**EXERCISE REQUIREMENTS:**
Would you copy the lines below exactly and omit the images?

(DATA SEGMENT)

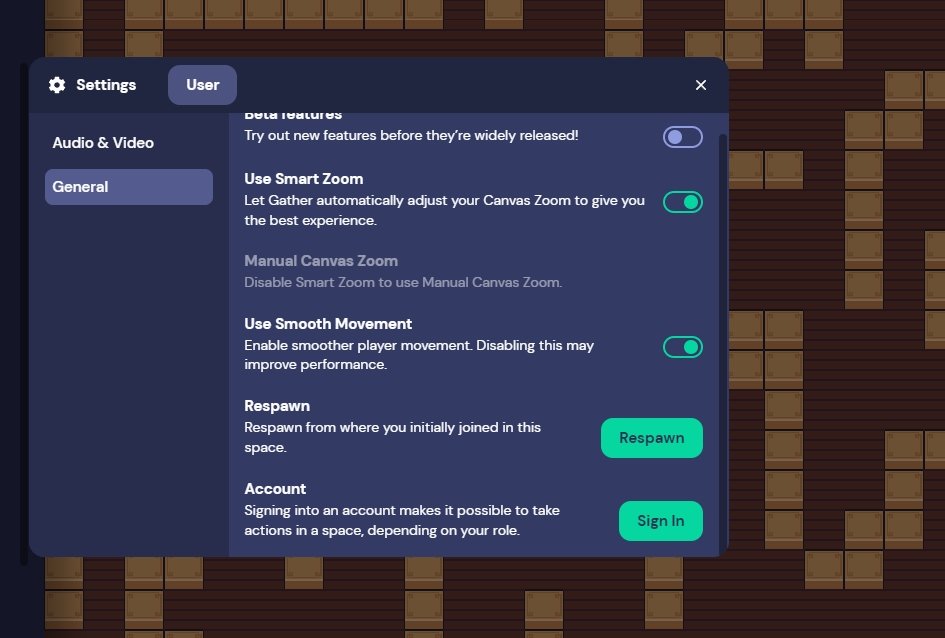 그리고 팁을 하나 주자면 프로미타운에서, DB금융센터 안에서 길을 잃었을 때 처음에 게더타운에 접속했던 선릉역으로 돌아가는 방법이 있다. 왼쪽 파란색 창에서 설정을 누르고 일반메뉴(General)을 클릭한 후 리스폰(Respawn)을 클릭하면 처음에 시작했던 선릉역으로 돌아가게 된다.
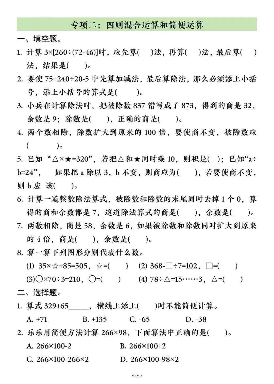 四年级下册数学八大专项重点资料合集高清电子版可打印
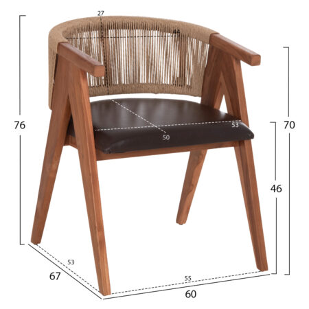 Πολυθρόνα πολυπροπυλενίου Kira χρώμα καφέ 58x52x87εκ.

(End DATA SEGMENT)

**RESULT OF THE TASK:**
 그리고 팁을 하나 주자면 프로미타운에서, DB금융센터 안에서 길을 잃었을 때 처음에 게더타운에 접속했던 선릉역으로 돌아가는 방법이 있다. 왼쪽 파란색 창에서 설정을 누르고 일반메뉴(General)을 클릭한 후 리스폰(Respawn)을 클릭하면 처음에 시작했던 선릉역으로 돌아가게 된다.
 四年级下册数学八大专项重点资料合集高清电子版可打印
 Πολυθρόνα πολυπροπυλενίου Kira χρώμα καφέ 58x52x87εκ.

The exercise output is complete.